* Problem description *
For the records that follow, give the number of lines in which the word "kesadaran" occurs, with nothing added.

* Extracted information *

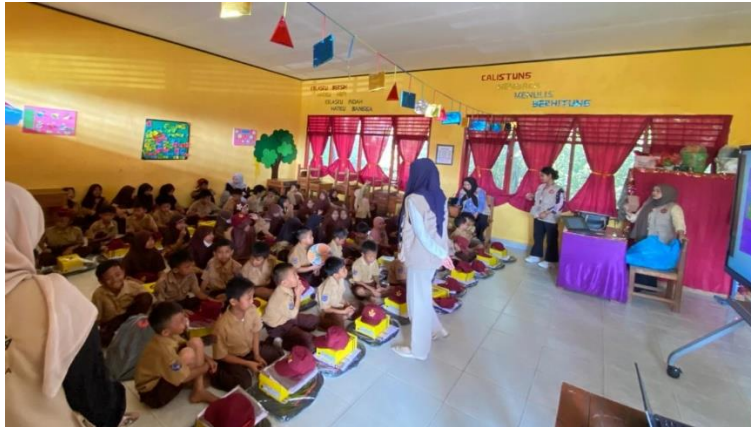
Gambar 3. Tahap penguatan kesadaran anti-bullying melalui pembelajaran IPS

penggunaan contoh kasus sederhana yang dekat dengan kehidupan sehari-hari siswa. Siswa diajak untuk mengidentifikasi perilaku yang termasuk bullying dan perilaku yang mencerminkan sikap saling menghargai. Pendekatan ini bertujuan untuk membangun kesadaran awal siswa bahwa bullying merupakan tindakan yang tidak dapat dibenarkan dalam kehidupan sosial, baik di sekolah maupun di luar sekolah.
==
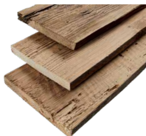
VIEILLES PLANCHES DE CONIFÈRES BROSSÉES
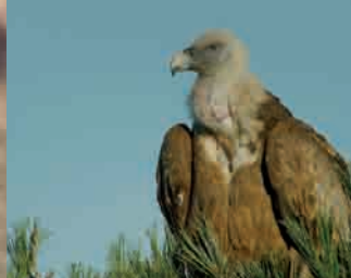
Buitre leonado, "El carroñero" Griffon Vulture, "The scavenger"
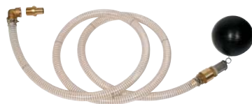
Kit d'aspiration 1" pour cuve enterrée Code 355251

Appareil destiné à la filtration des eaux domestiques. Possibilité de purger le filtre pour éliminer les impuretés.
--
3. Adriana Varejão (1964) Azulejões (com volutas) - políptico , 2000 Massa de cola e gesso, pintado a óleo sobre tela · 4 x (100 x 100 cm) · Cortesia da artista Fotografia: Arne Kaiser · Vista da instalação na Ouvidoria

* Output for this exercise *
2